ウィンナー・コーヒー

【読み方:うぃんなーこーひー、分類:コーヒー

ウィンナー・コーヒー(Wiener Kaffee)は、オーストリア発祥のホイップクリームを使ったコーヒーの飲み方で、「Wiener(ウィンナー)」とは「ウィーン風の」を意味します。これは、日本においては、濃く淹れたコーヒーにホイップクリームを浮かべたもの、またはカップに入れたホイップクリームに熱いコーヒーを注いだものを指し、本場のオーストリア・ウィーンには「ウィンナー・コーヒー」という名のコーヒーは存在しません(本名称は、和製外国語)。また、アメリカやイギリスなどには、エスプレッソにホイップクリームを載せた「エスプレッソ・コン・パンナ(Espresso con panna)」というものがあります。

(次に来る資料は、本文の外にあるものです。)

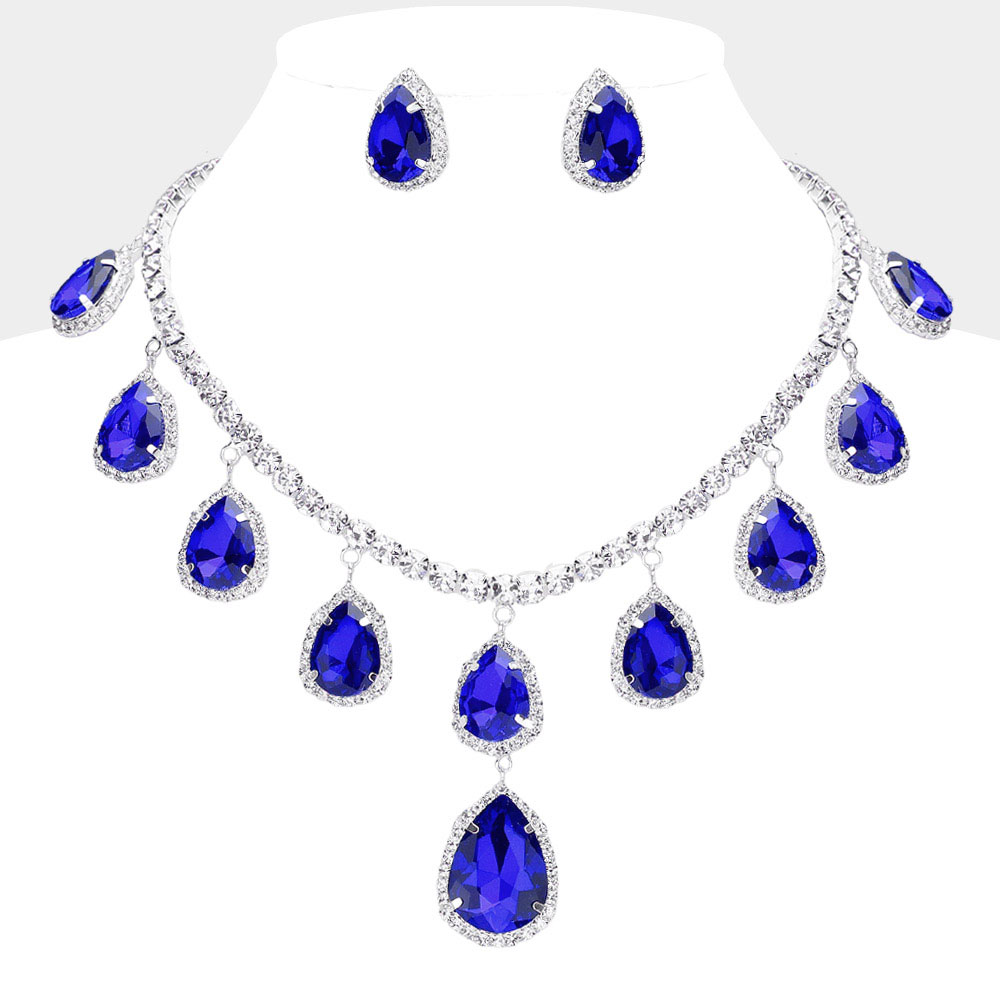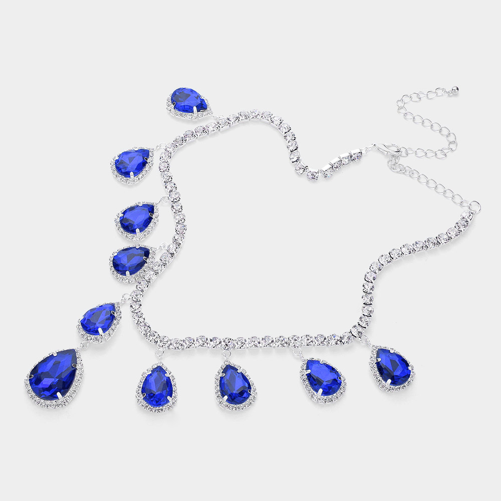Teardrop Glass Stone Cluster Station Evening Necklace

ちなみに、ウィーンで日常的に多く飲まれているのは、エスプレッソと温かいミルクを加えた上にミルクの泡を載せた「メランジェ(Melange)」というもので、カプチーノとほぼ同じものです。また、メランジェのミルクの泡の代わりにホイップクリームを載せた「フランツィスカーナー(Franziskaner)」と呼ばれるものが日本のウィンナー・コーヒーに近く、この他にも、コーヒーにほぼ同量の生クリームが載っていて、カップではなくグラスに注がれている「アインシュペナー(Einspanner)」や、カップとは別の器に砂糖をかけたホイップクリーム(シュラークオーバース)が添えられている「カフェー・ミット・シュラークオーバース(Kaffee mit Schlagobers)」などもあります。